VATICAN:Pope Benedict VI began a three-day visit to Austria yesterday with a prayer for "repentance" at a Vienna memorial to the 65,000 Austrian Jews murdered by the Nazis.
His 10-minute visit to the memorial on Judenplatz - a concrete bunker surrounded by the names of Nazi concentration and death camps - was welcomed by Austria's Jewish leaders as a gesture of friendship after months of strain.
Jewish groups around the world expressed concern in recent months that the revival of the Latin liturgy might include prayers for the conversion of Jews. Meanwhile, the pope was criticised for receiving Fr Tadeusz Rydzyk, head of Poland's Radio Maryja, which regularly broadcasts anti-Semitic views.
At the memorial, an exhausted-looking pontiff prayed for several minutes before bowing, protected from the streaming rain by a transparent umbrella. On a nearby plaque erected nine years ago, Austrian bishops accepted their "share of responsibility for the persecution of Jews".
Cardinal Christoph Schönborn, Archbishop of Vienna, said in a speech that Christians must never forget the Jewish roots of their faith.
"The tragedy of this city is that these roots were forgotten and even denied, leading to the godless will to destroy the people first loved by God," he said.
The Austrian episcopate supported Austria's 1938 annexation into the Third Reich and Hitler as the legitimate leader. As a consequence, they declined to support resistance to the regime - even from their own clergy.

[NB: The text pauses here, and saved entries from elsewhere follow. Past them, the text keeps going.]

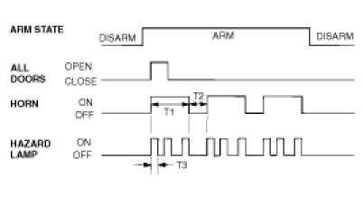 On entering the arm state, a single flash of the hazard lamps is given,period of cycle 2 second, duty rate 50%.
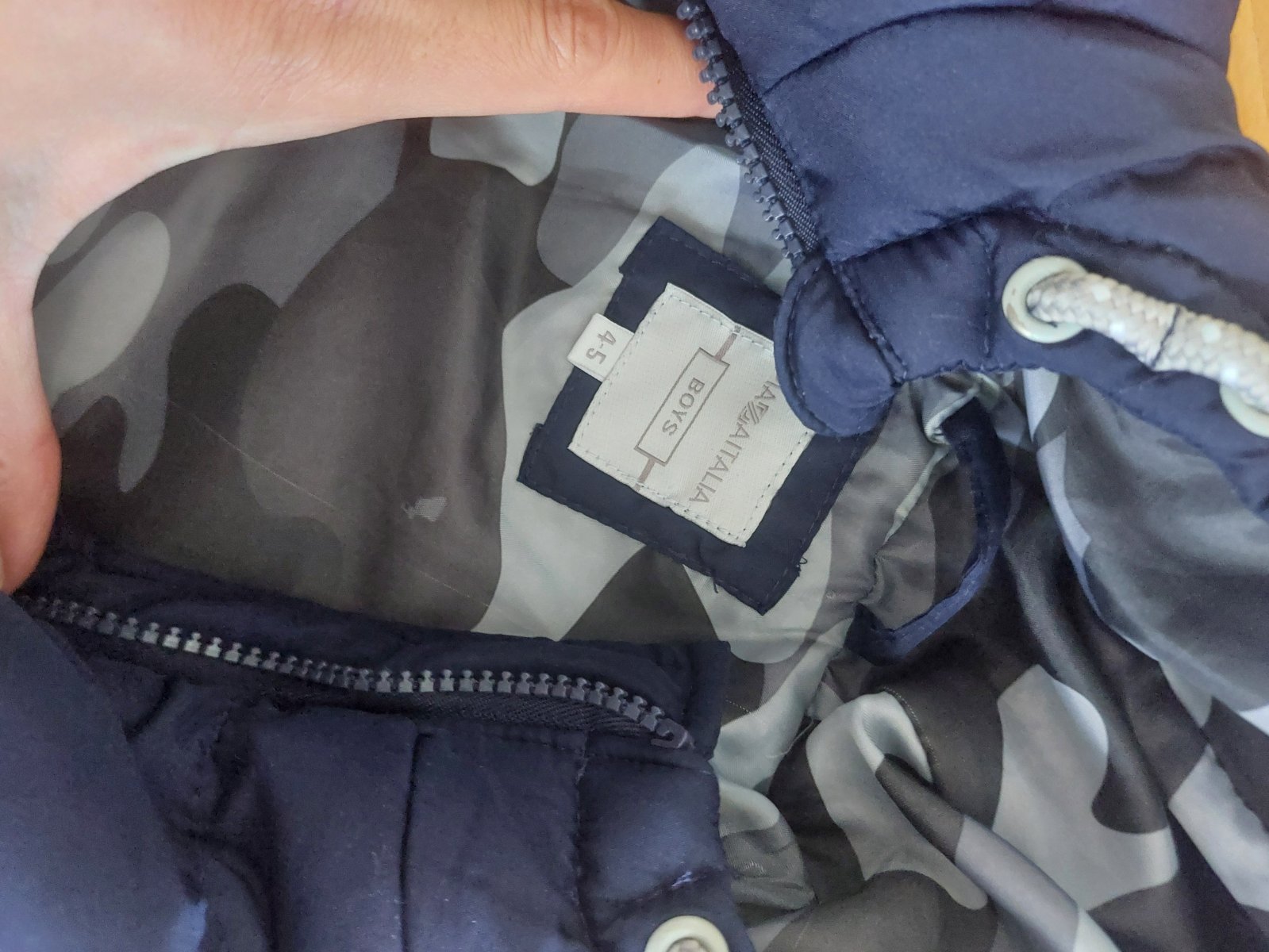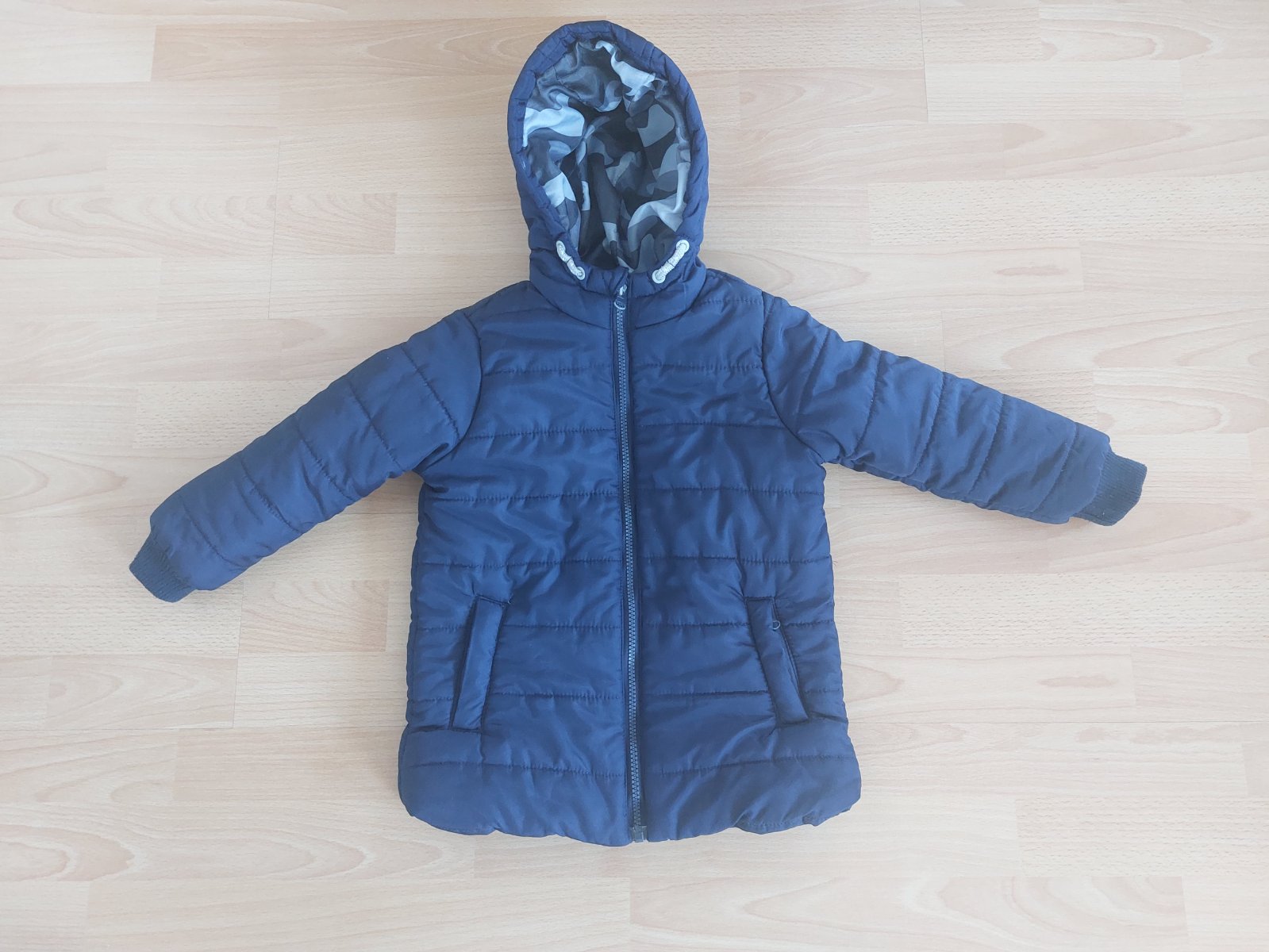Veľkosť 110. Kupovaná v predajni C&A. Kapucňa ma odnímateľnú kožušinku. Upozorňujem na golierik - z vnúornej strany golierika na malom kúsku odratá kožušinka. Pozri foto. Na rukáve bola malinká die...
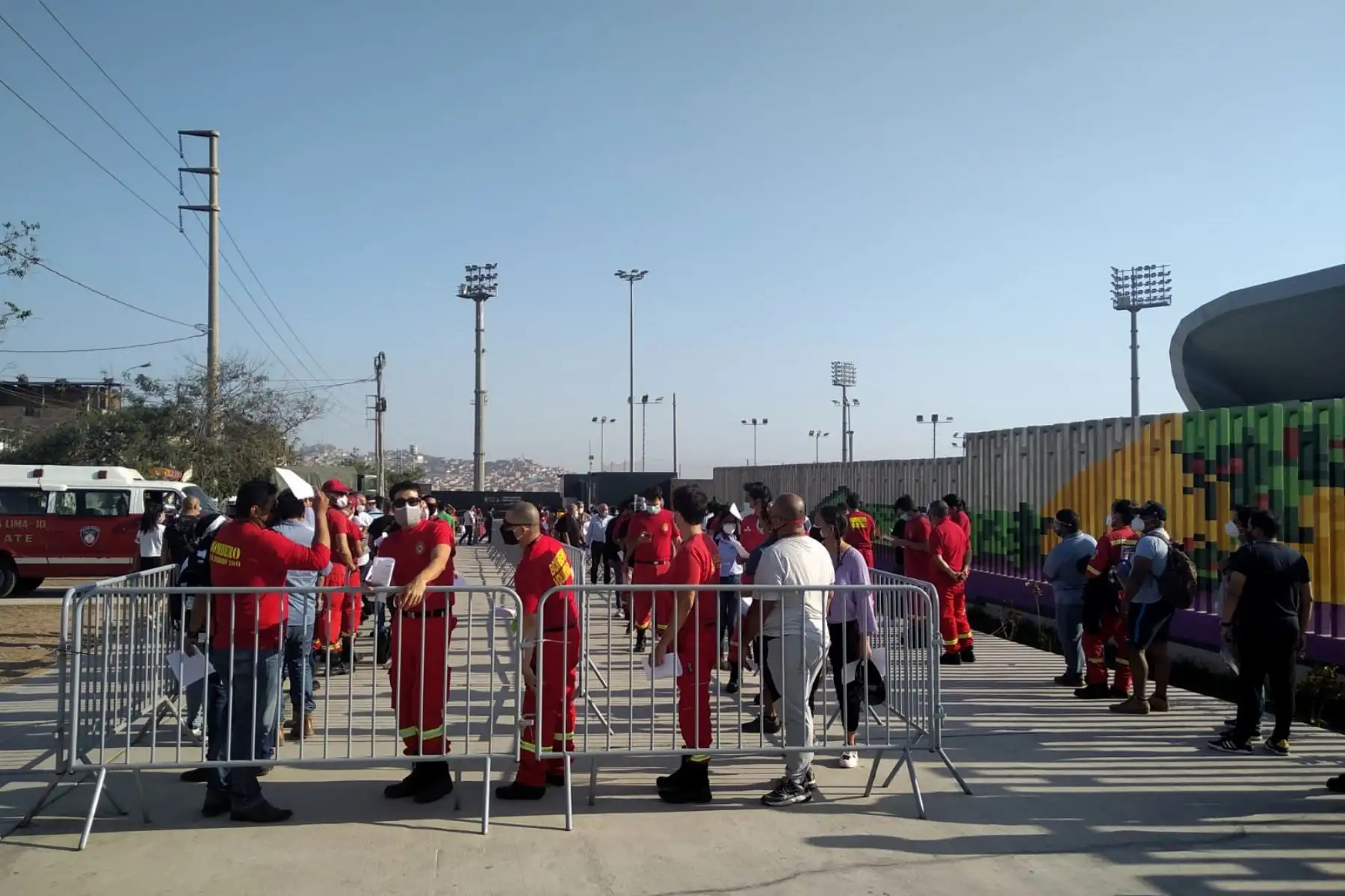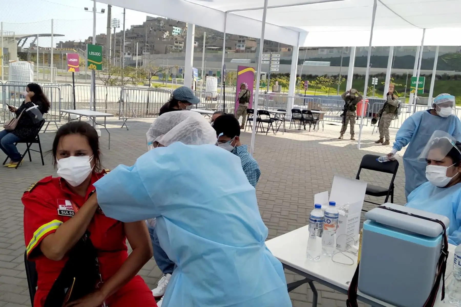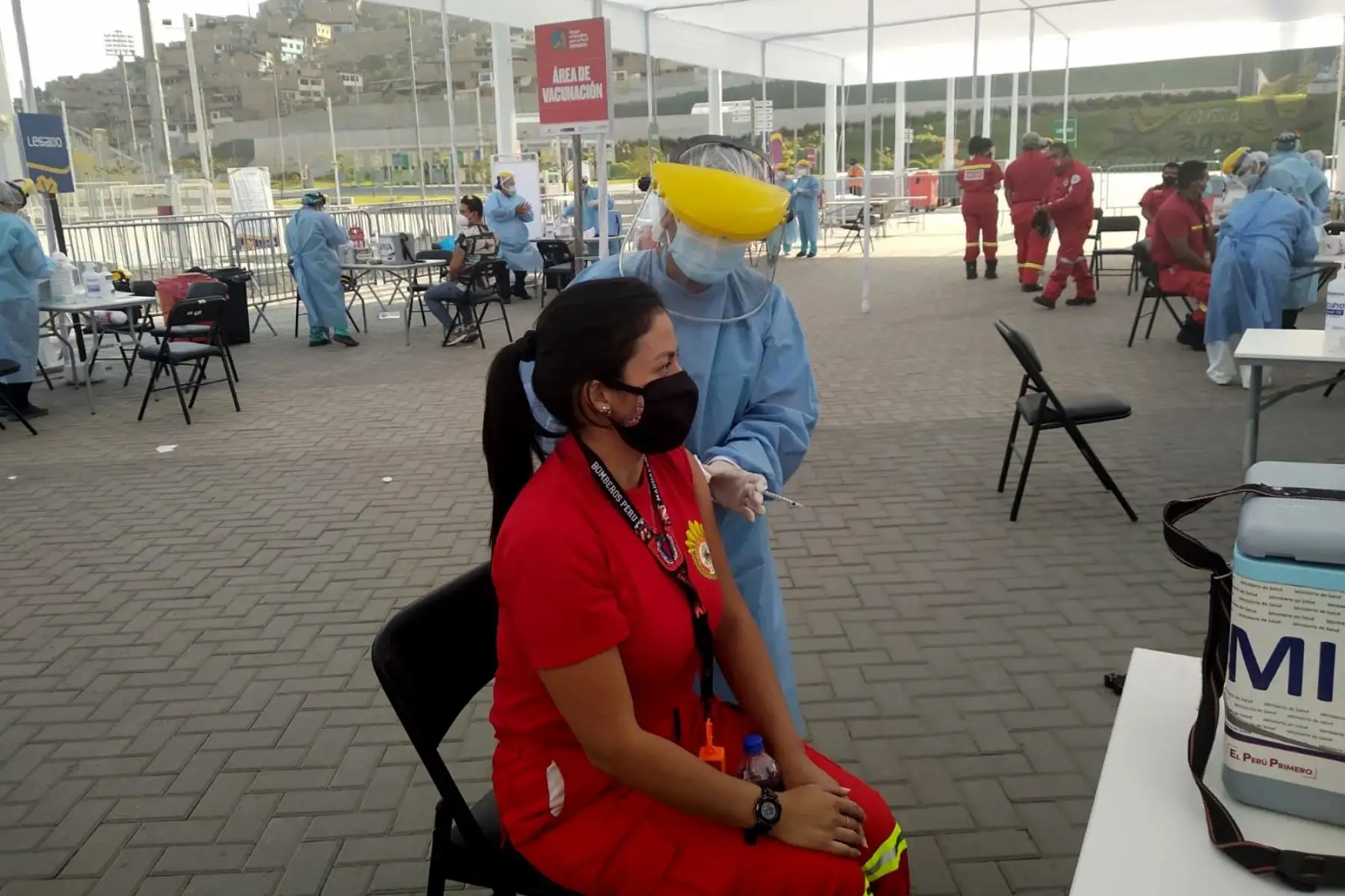 21/04/2021 Ochocientos integrantes del Cuerpo General de Bomberos Voluntarios del Perú fueron vacunados contra el COVID-19 en el Complejo Deportivo Andrés Avelino Cáceres, en Villa María del Triunfo.

After the war, bishops compounded the problem by championing priest "martyrs" killed by the Nazis rather than addressing the actions of perpetrators. That practice continued until a more critical assessment began after the 50th anniversary of annexation in 1988.
Before the second World War, the Austrian capital's Jewish population numbered 185,000, today it numbers less than 7,000.
The Judenplatz visit was the only political item on the pope's agenda. Tomorrow he will celebrate the 850th anniversary of the Mariazell, a place of pilgrimage 100km from Vienna.